Hamilton was one of the few great jurists and administrators whom America has ever produced, and it is inconceivable that he did not understand what he was doing. He knew perfectly well that, other things being equal, the simplest administrative mechanism is the best, and he knew also that he was helping to make an extremely complicated mechanism. Not only so, but at the heart of this complexity lay the gigantic cog of the judiciary, which was obviously devised to stop movement. He must have had a reason, beyond the reason he gave, for not only insisting on clothing the judiciary with these unusual political and legislative attributes, but for giving the judiciary an unprecedented fixity of tenure. I suspect that he was actuated by some such considerations as these:
The Federalists, having pretty good cause to suppose themselves in a popular minority, purposed to consolidate the thirteen states under a new sovereign. There were but two methods by which they could prevail; they could use force, or, to secure assent, they could propose some system of arbitration.
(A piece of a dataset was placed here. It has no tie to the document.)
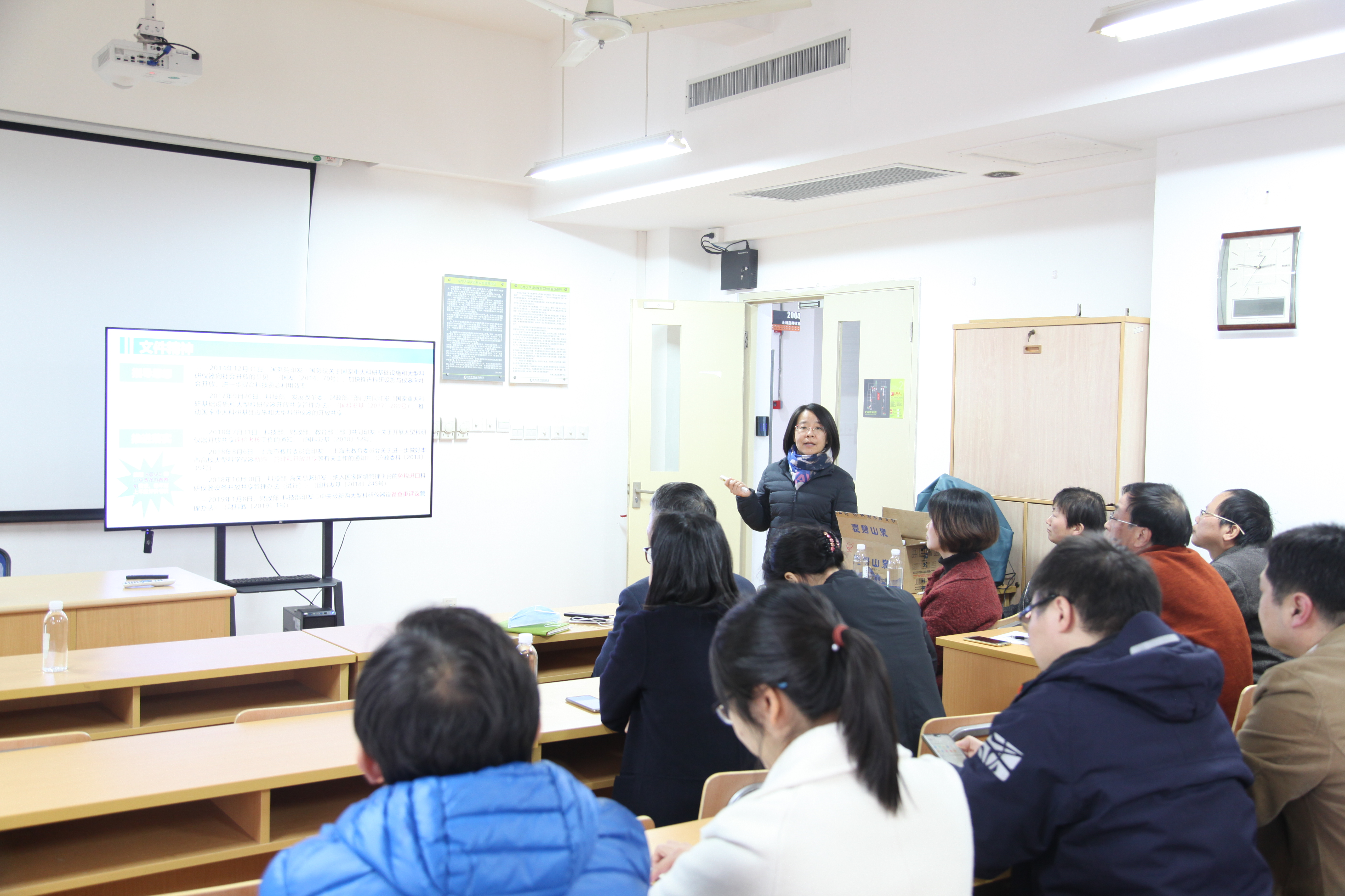 此外,骆轶姝副处长还介绍了有关购置设备分级论证的相关规定,仪器设备共享收费标准的相关依据等。设备责任老师就大型仪器设备的使用问题、开放机时问题等与资产处老师展开交流讨论。
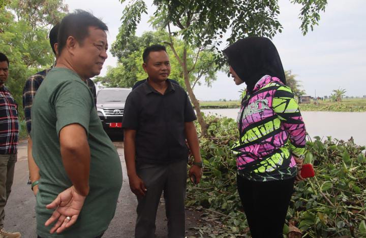 Wakil Bupati Cirebon Hj. Wahyu Tjiptaningsih, SE, M.Si meninjau pengerukan dan pembersihan sungai tumarutis di Kecamatan Kapetakan, Rabu (15/02/2023)

To escape war the Federalists convened the constitutional convention, and by so doing pledged themselves to arbitration. But if their plan of consolidation were to succeed, it was plain that the arbitrator must arbitrate in their favor, for if he arbitrated as Mr. Jefferson would have wished, the United States under the Constitution would have differed little from the United States under the Confederation. The Federalists, therefore, must control the arbitrator. If the Constitution were to be adopted, Hamilton and every one else knew that Washington would be the first President, and Washington could be relied on to appoint a strong Federalist bench. Hence, whatever might happen subsequently, when the new plan first should go into operation, and when the danger from insubordination among the states would probably be most acute, the judiciary would be made to throw its weight in favor of consolidation, and against disintegration, and, if it did so, it was essential that it should be protected against anything short of a revolutionary attack.
In the convention, indeed, Charles Pinckney of South Carolina suggested that Congress should be empowered to negative state legislation, but such an alternative, for obvious reasons, would have been less palatable to Hamilton, since Congress would be only too likely to fall under the control of the Jeffersonian party, while a bench of judges, if once well chosen, might prove to be for many years an “excellent barrier to the encroachments and oppressions of the representative body."[9]
I infer that Hamilton and many other Federalists reasoned somewhat thus, not only from what they wrote, but from the temper of their minds, and, if they did, events largely justified them. John Jay, Oliver Ellsworth, and John Marshall were successively appointed to the office of Chief Justice, nor did the complexion of the Supreme Court change until after 1830.